2007 Elite Series – Empire Chase: Saturday notes

Several anglers who stumbled on Day One of the Empire Chase enjoyed revivals on the second and final day before the top 12 cut.

BUFFALO — Several anglers who stumbled on Day One of the Empire Chase presented by Mahindra Tractors enjoyed revivals on the second and final day before the top 12 cut.

Marty Stone improved from a 4-pound, 11-ounce disaster to sack 20-11 on Saturday, Kurt Dove blew up from 13-10 to 20-7 and Mark Menendez improved from 14-15 to 21-7.

Eric Nethery's second act put them all to shame. After weighing just two fish for 4-11 on Day One, Nethery crashed the scales with the tournament's biggest bag of 22-6 on Day Two.

If he could have produced that sack the first day, he'd have a 3-pound overall lead. But his crummy first day doomed him to an 82nd-place finish.

On stage, he called his first day "a monumental screw-up." He explained later that he had stopped to fish near the dock before making a long run to a point past Dunkirk, a New York town around which many of the pros have been fishing this week.

Only after he began his run did he realized he had waited too long. Strong winds were whipping the lake into a meringue, and after going 22 of 40 miles, he turned back. "That pretty much blew the tournament for me," he said. "I'm pretty sure I could have caught 20 (pounds) a day."

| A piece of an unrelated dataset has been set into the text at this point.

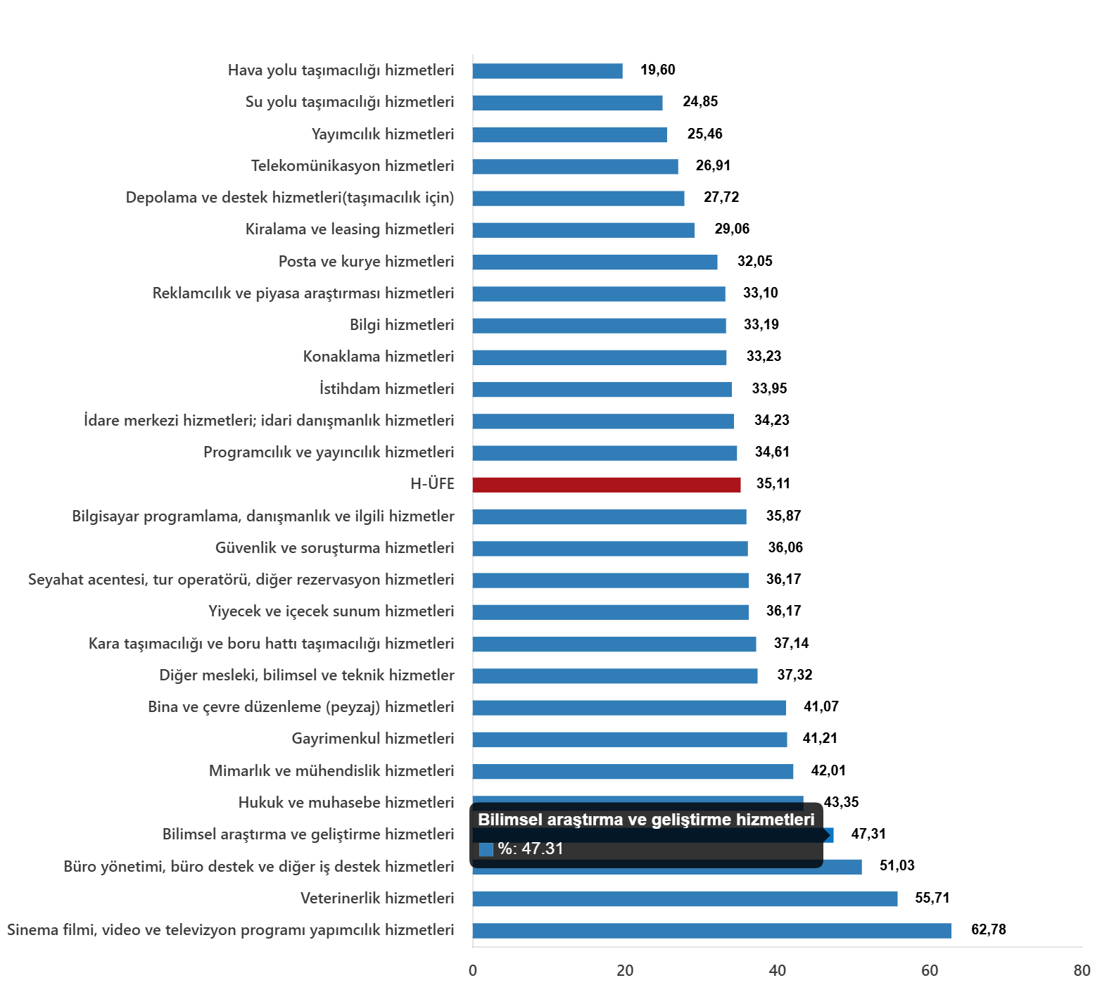 Bir önceki yılın aynı ayına göre, ulaştırma ve depolama hizmetlerinde %32,32 artış, konaklama ve yiyecek hizmetlerinde %35,46 artış, bilgi ve iletişim hizmetlerinde %34,32 artış, gayrimenkul hizmetlerinde %41,21 artış, mesleki, bilimsel ve teknik hizmetlerde %40,33 artış, idari ve destek hizmetlerde %37,92 artış gerçekleşti.

He proved it with his Day Two sack, perhaps, but too late.

Back to his feet

After spending about three hours of Day One fishing from his back, with his stomach and head reeling from the oceanic waves on Lake Erie, rookie Marty Robinson found his magic cure on Saturday.

"Last night I got myself a magic patch that I put behind my ear," Robinson said as he weighed his fish. "I call it my pimp patch."

The prescription patch quelled his queasiness, and he improved his Day One catch by 3-5 to 19-0 and a 33rd-place finish.

45th and inches

Gerald Swindle knew that Lake Erie was different than the reservoir lakes he is so accustomed to fishing in the South. But up here, "the drops are in inches, not feet," Swindle said.

He explained that for most of this tournament, he relied on the digital numbers over the visual depiction of the underwater landscape.

"Here, the bottom is so tapered, the fish hold at the slightest little drop," he said.

Swindle used this knowledge to finish the tournament in 45th place.

Doesn't everyone?

By the afternoon, co-angler Jason Luszcak knew that Paul Hirosky, the tournament's leader on the professional side going into Saturday, might have been feeling the pressure of being top dog.

"He kept saying I need one more 5-pounder, I need one more 5-pounder," Luszcak said.

The pair of anglers hadn't moved around much during the morning hours but as the day grew longer, they were trying different sites at breakneck speed.

Lintner at a loss

An odd and quiet thing happened for the first time in nine Elite Series events this year. Jared Lintner failed to finish in the top 50, breaking the longest such streak on the tour.

"I just didn't get on big fish," Lintner said. He said he realized part of his problem, only too late. He fished shallow water in the mornings, then deep water later, missing the movement of larger fish coming and going.

"When the big ones were out, I was up. When the big ones were up, I was out," he said.

With the tournament shortened to two days before the 12-angler cut, Lintner had little time to adjust. He finished in 76th place, a little more than 4 pounds out of the money. He'll remain in third place in the Angler of the Year standings.

Grigsby on Tucker

Tim Tucker's unexpected death in a car crash in Florida this week stunned everyone who had read his unparalleled coverage of bass fishing over the past 25 years. Here's what pro Shaw Grigsby, a friend of Tucker's, had to say of the writer.

"You're always thinking about him. It's a sad thing. Did it affect my fishing? I don't know. I could have just as easily won it, and it would have been a tribute to him.

"Tim would have been the first one to tell every one of these anglers to fish as hard as they can. He just really, truly loved the outdoors. It used to be, he'd come to these things and fish them ahead of time. He'd have loved coming out here and catching those big smallies. He would have had a good time."